В своей следующей статье из Нью-Йорка, через три недели после открытия выставки, Мак-Гахан отмечала, что интерес к картинам «великого русского», как многие теперь именуют Верещагина, не ослабевает. В корреспонденции говорилось: «Размеры газетной статьи не позволяют привести хотя бы некоторые выписки из всех тех восторженных, хвалебных, длинных отзывов о Верещагине и картинах его, которые появляются даже в таких влиятельных и распространенных органах печати, как Harper’s Weekly Churchman (религиозная газета). Independent, Epoch, Critic…» Мнение «Critic» всё же приводилось: «Все, посещающие выставку, волей-неволей становятся русофилами… Его гений построен на таких широких основаниях, что для него не существует условностей… Колоссом высится он поверх их — как вершины Гималаев высятся поверх облаков. Подобно своим собратьям на литературной арене, подобно Гоголю, Толстому, Достоевскому, Верещагин производит великие творения свои не ради искусства, но ради человечества вообще и в особенности ради русской „народности“… Верещагину есть что оповестить миру — и он это оповещает так, что весь мир приостанавливается и внимает ему» [356].

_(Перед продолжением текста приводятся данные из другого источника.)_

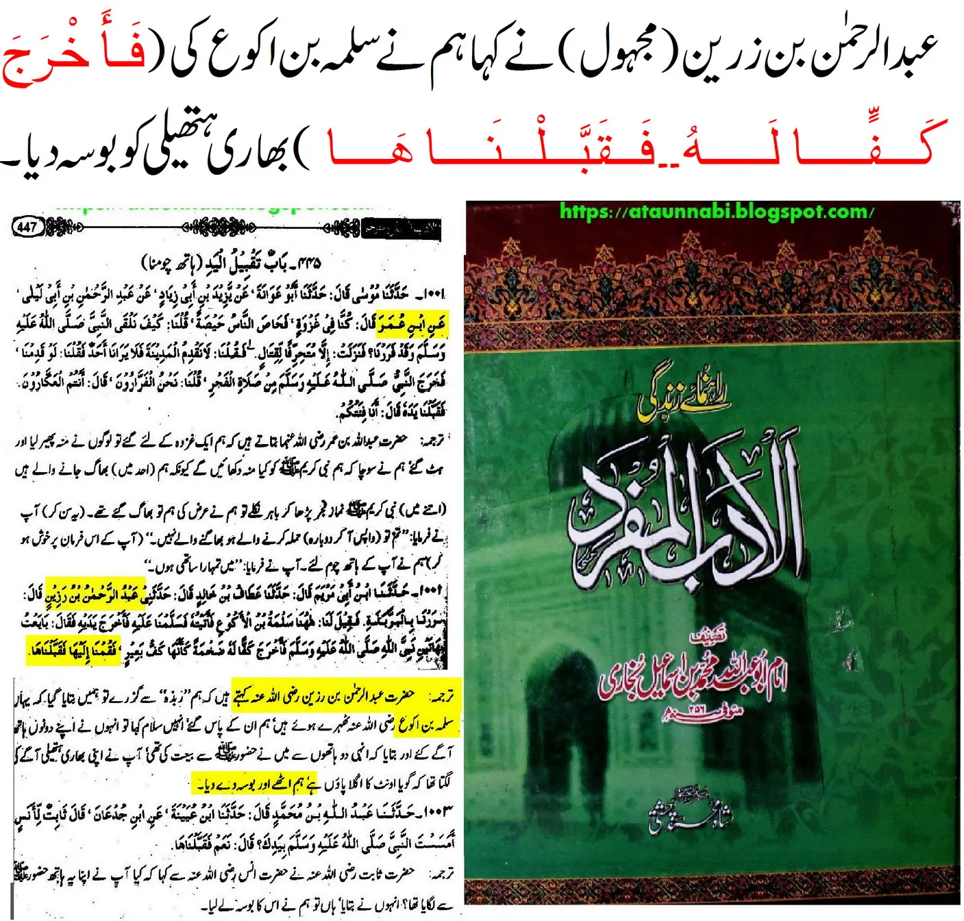 ❖ "عبدالرحمن بن رزین کہتے ہیں کہ ہم حضرت سلمہ بن الاکوع رضی اللہ عنہ کے پاس گئے، انہوں نے اپنے ہاتھ نکالے اور کہا: ان ہاتھوں سے میں نے رسول اللہ ﷺ کی بیعت کی تھی۔ پھر ہم نے ان کے ہاتھوں کو بوسہ دیا۔”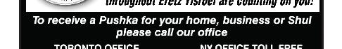 Hachnosas Orchim Gemach - quilts, pillows, linen, towels, hot plates, heaters, urns, negel vasser sets available for short term loan. Call Mrs. Leah Esther Fuhrer 416-787-2234 or Mrs. Frumie DʼAncona 416-780-1312.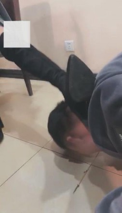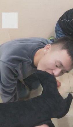 仔仔的巨长腿暴力脚耳光和脸部畸形碾压,一一主子暴力固定住靶子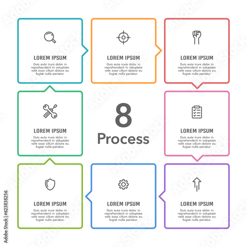 8 Process to success. Infographic square cycle 8 steps. Business presentation. Vector illustration.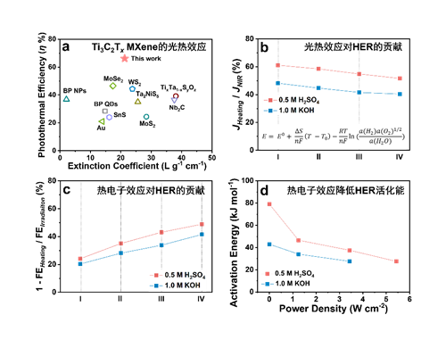 近日,大连理工大学精细化工国家重点实验室王治宇教授、邱介山教授与中科院大连化物所吴凯丰研究员合作,基于MXene的独特结构与物理性质,在外源电场驱动下,以电化学催化析氢反应为探针,研究揭示了不同化学组成与晶体结构的MXene(如Ti3C2Tx,V4C3Tx,Nb2CTx)之LSPR效应的产生机制以及对电化学催化反应过程的强化作用原理。他们利用飞秒激光技术,发现MXene在可见-近红外光谱区域的LSPR效应导致显著的光热转化与亚皮秒级热电子效应;其中,光热效应通过提供热能与降低浓差极化,降低了析氢反应的过电势,而热电子注入效应则更利于降低析氢反应的活化能。在不同pH环境中与光辐照条件下,这一耦合强化机制可使MXene的电催化析氢活性提升5倍以上。这一工作有机融合了凝聚态物理、光学、化学与材料等交叉学科的技术与原理,为发展新型高效光电响应催化材料新体系提供了新的思路。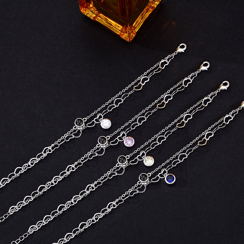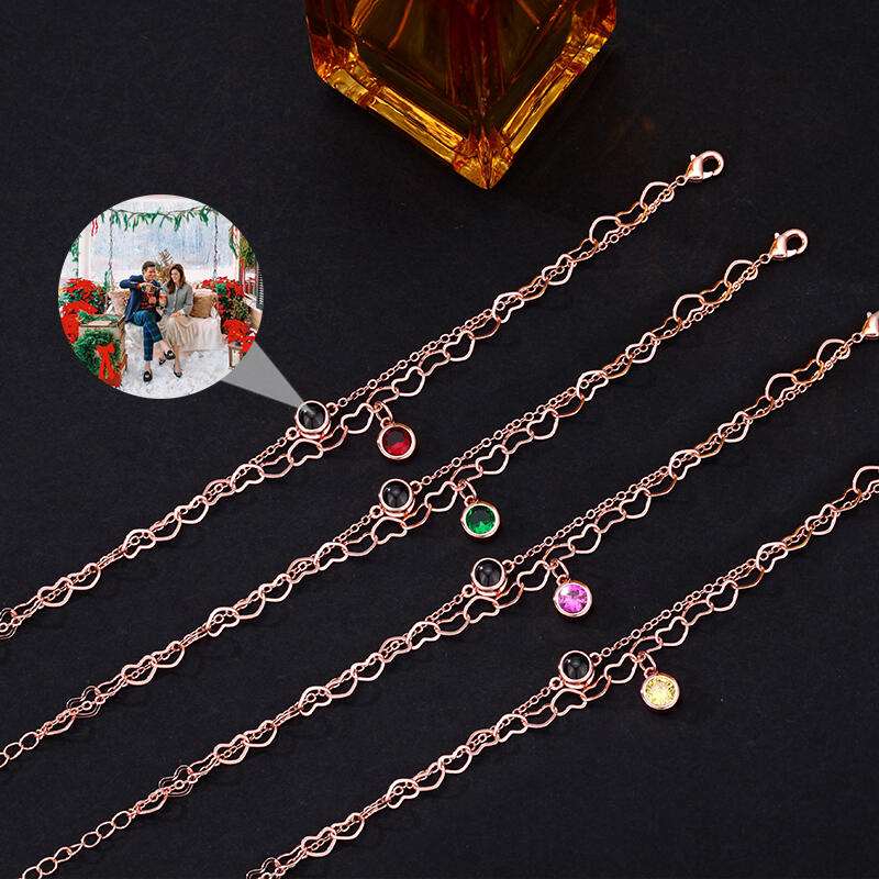 Personalized Projected Picture Heart-Shaped Bracelet Heart-Shaped Chain With Birthstone Warm Gift

Пока американцы знакомились с картинами Верещагина, сам художник знакомился с Америкой, и о своих впечатлениях он рассказал впоследствии в газетных заметках, публиковавшихся под рубрикой «Листки из записной книжки», и в очерках, увидевших свет на страницах журнала «Искусство и художественная промышленность». Он признавался, что Нью-Йорк его поразил, и попутно делился наблюдением о том, как воспринимали этот город многие европейцы: «…Во всех читанных до того времени описаниях и слышанных рассказах сквозило точно желание старшего брата подтрунивать над младшим, его обгоняющим и, пожалуй, во многом уже обогнавшим».
Американская пресса, успевшая еще до открытия выставки прожужжать читателям все уши о том, что их посетила европейская знаменитость, вероятно, немало способствовала его популярности. Русский художник был принят на самом высоком уровне. В Вашингтоне он удостоился короткой аудиенции у недавно избранного президента США Гровера Кливленда. Сам прием оставил у художника хорошее впечатление: церемония, писал он, «проста и непритязательна — нет ни расшитых лакеев, ни ожидания с перешептыванием». Впрочем, долго разговаривать с президентом не пришлось — сказав гостю несколько общих фраз, тот раскланялся. «Дел у него, видимо, было по горло, — заметил Верещагин, — потому что рукава были засучены» [357].
Василий Васильевич был принят, как он писал, в «лучшем клубе Вашингтона» на правах почетного гостя и познакомился там с некоторыми видными представителями местного общества — племянником Наполеона I полковником Патерсон-Бонапартом, генералом Шерманом и др. «Генерал Шерман, — вспоминал художник, — один из героев войны Северных Штатов с Южными, несмотря на свою деревянную ногу, обошел со мной и показал все здания Капитолия, богато украшенные мрамором» [358].
Гостя из России свозили к знаменитому изобретателю Томасу Эдисону, оборудовавшему свои мастерские недалеко от Нью-Йорка. Тот продемонстрировал Верещагину одно из своих технических чудес — фонограф и с полной уверенностью говорил, что очень скоро с его помощью можно будет уже без шумовых помех воспроизводить разные записи — речей государственных деятелей, концертов, опер… Практичный американец доверительно делился с гостем своими планами и надеждами: «Пока это только любопытно, но скоро будет искусством, и я возьму за эту штуку пару миллионов». Эдисон рассказывал художнику, что писатель Марк Твен, его большой друг, полюбил эту «штуку» и теперь, заезжая сюда, в случае отсутствия хозяина наговаривает на фонограф различные забавные новости, а самому изобретателю после возвращения домой доставляет немалое удовольствие прослушать всё сообщенное ему первым юмористом Америки.
Одну из отличительных черт американцев Верещагин усмотрел в чрезвычайно развитом в обществе культе денег. «Там, — писал он, — есть ужасное обыкновение определять цену человека величиной его капитала — про незнакомого спрашивают: „Что он стоит?“ Отвечают, например: „500 000 долларов, но два года тому назад он стоил миллион“. Такой прием определения людей нам, европейцам, мало симпатичен» [359].
Подметил Верещагин и распространенную в Америке любовь к «большому, грандиозному». «Один весьма приличный господин, — вспоминал художник, — говоривший искренне и серьезно, выразился в беседе со мной так: „Мы, американцы, высоко ценим ваши работы, г. Верещагин; мы любим всё грандиозное: большие картины, большой картофель…“» [360]. К счастью, большинство посетителей выставки в Нью-Йорке подходили к оценке картин русского художника всё же с иными критериями.